“I know what I like” (Henry James).

OUR “FAVORITES” ARE THE THINGS, THE OCCASIONS, AND THE PEOPLE WHOM WE REGARD WITH SPECIAL FAVOR. Like Henry James, most of us know what we like, and our favorites are the things we like especially well. To have favorites is simply to have, as Henry David Thoreau put it, “a sincere love for some things.”

The amazing variety that characterizes the human race is due, in part, to the fact that we each have a unique set of favorites. “There are,” as Horace wrote, “as many preferences as there are men.” Our likes and dislikes may overlap with those of our closest friends to some extent, but no two of us have exactly the same set of favorites. And that’s good. It would be a much less interesting world if we all regarded everything in life with exactly the same degree of favor.

It seems to me that we should take the time to consciously appreciate our favorite things more often. If there is something that delights me in a special way, I ought to relish that thing and savor its enjoyment intentionally. And if there is something that uniquely pleases you, you ought to drink its enjoyment down to the last drop. It does us a down-home kind of good to have familiar, favorite things — and it does us even more good to appreciate them mindfully.

Nowadays, we hear a lot about “equality,” and that may cause us to feel a little uncomfortable with the concept of favoritism. But having favorites is not unjust, and it’s no infringement on equality. It’s naive to think that we can like everybody and everything without showing any partiality at all. In fact, if we tried to do that, it would take much of the value out of bestowing favor on anything. As Moliére wrote, “Esteem must be founded on some sort of preference. Bestow it on everybody and it ceases to have any meaning at all.”

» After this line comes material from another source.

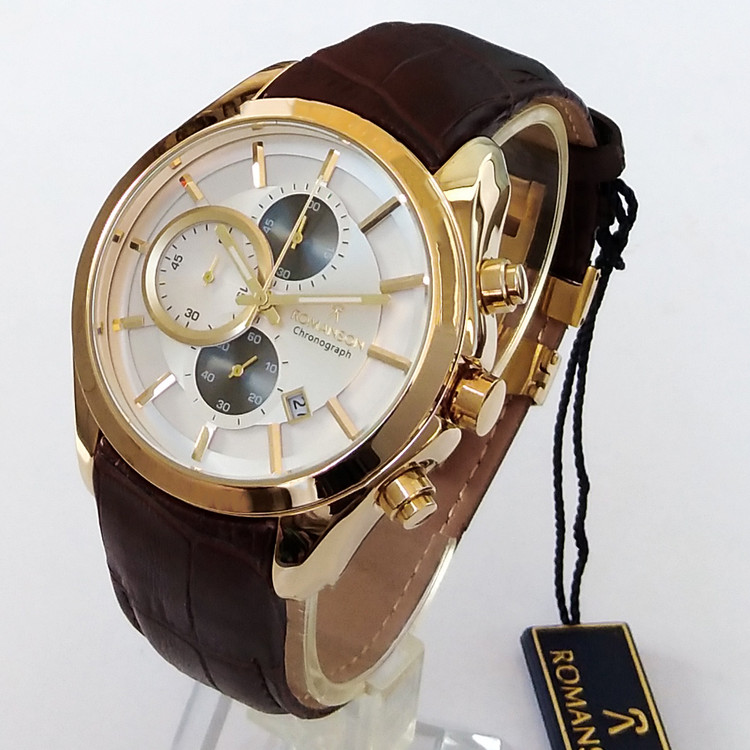 ساعت رومانسون مردانه قهوه ای طلایی بندچرم ROMANSON ضدآب ارسال رایگان ساعت خاص بندچرمی

What would be wrong, of course, would be to limit ourselves to our favorites. Having favorites is fine, but we need to deal rightly with things (and especially people) that we don’t like as well. And not only that, we need to be willing to experiment. Who knows? There may be some really good things out there that could become favorites if we ever got outside of our preferences and gave them a chance.

“Let us prefer, let us not exclude” (Joseph Roux).